Allen, Dayton (OH)- You always make me laugh, without fail. I apologize for my failure to keep in contact with you, and to be there when you needed me. Thank you for driving from Dayton and back to hang out with me- it really meant a lot.

Amy, Columbus (OH)- Hopefully you didn’t get tired of me over that last break, because I really appreciate you putting up with me. We’ve been friends for so long, being around you is like second nature. Thank you for always being on the same page.

DJ, AL- It still makes me feel special that I’m one of the few people that still call you that! You have been a huge pillar of strength for me his year- you’ve forced me to keep in touch, and I really rely on that. Thank you for all those long conversations.

Kristy, WV- Ours has been a stubborn friendship, and I’m glad that you were so persistent in being my friend (even though I may not have appreciated it at the time). You taught me so many things. Thank you for persevering and pushing me forward.
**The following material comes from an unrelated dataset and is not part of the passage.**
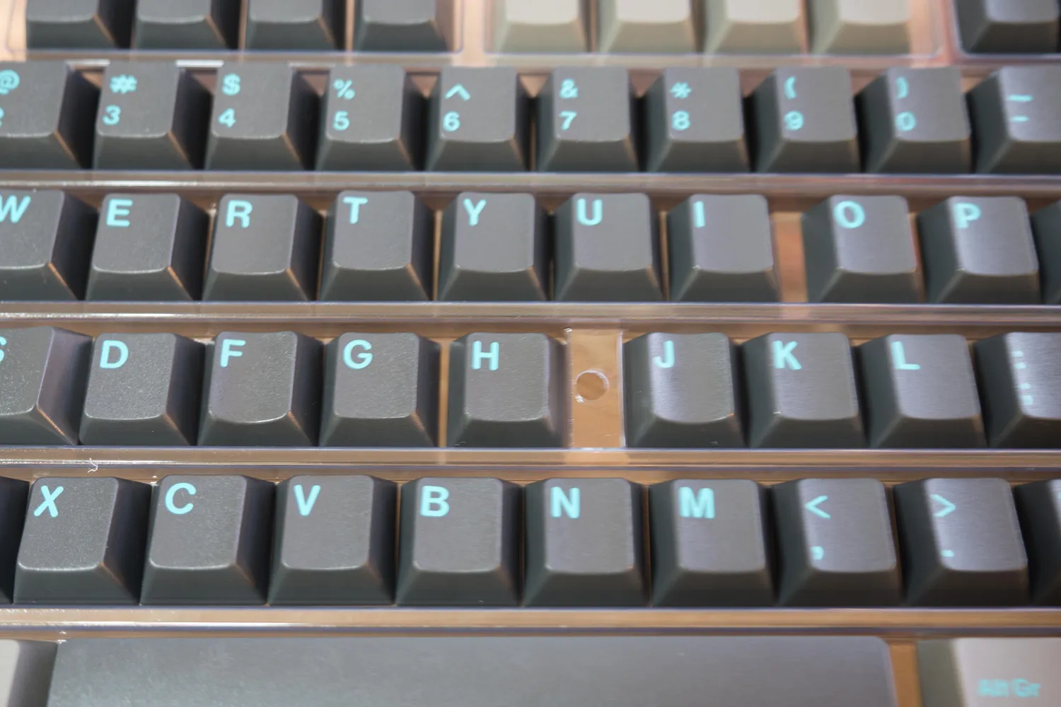 키캡의 특징이자 단점 중 하나가 키보드 타건의 정석 자세일 떄 왼, 오른손의 검지를 놓는 F, J키에 돌기가 없다는 것.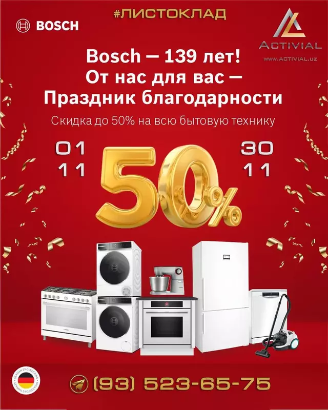 🌟 BOSCH — 139 лет инноваций и доверия!В честь дня рождения компании мы проводим праздник благодарности для...

Lance, WA- Your near-constant cheerfulness has always kept me in awe- it takes true strength to do that. I love when you complain to me, or anything like that. It makes me feel privileged. Thanks for trusting me, and for showing me how to be kind.

Meg, MO- Nerd buddy! Words can’t express how much I loved being your roommate, even if you sometimes regretted being mine. You’ve been a constant source of motivation, and I will always be (one of) your top fans. Thank you for putting up with me.

Ricky, ID- One of the things I will always treasure in my heart are those quiet moments when you would play piano and I would just sit in the sun and listen. I will always be amazed by your talent and humor. Thanks for those moments and for commiserating.

Sami, Mt Vernon (OH)- My fellow Italian! You are one of the strongest women I know, and I stand in wonder of your determination to keep on keeping on, despite any circumstances. Thank you for beating me into a stronger person, and for feeding me.




I obviously didn't get every single one of my friends.
Thanks to everyone, and I will always love you.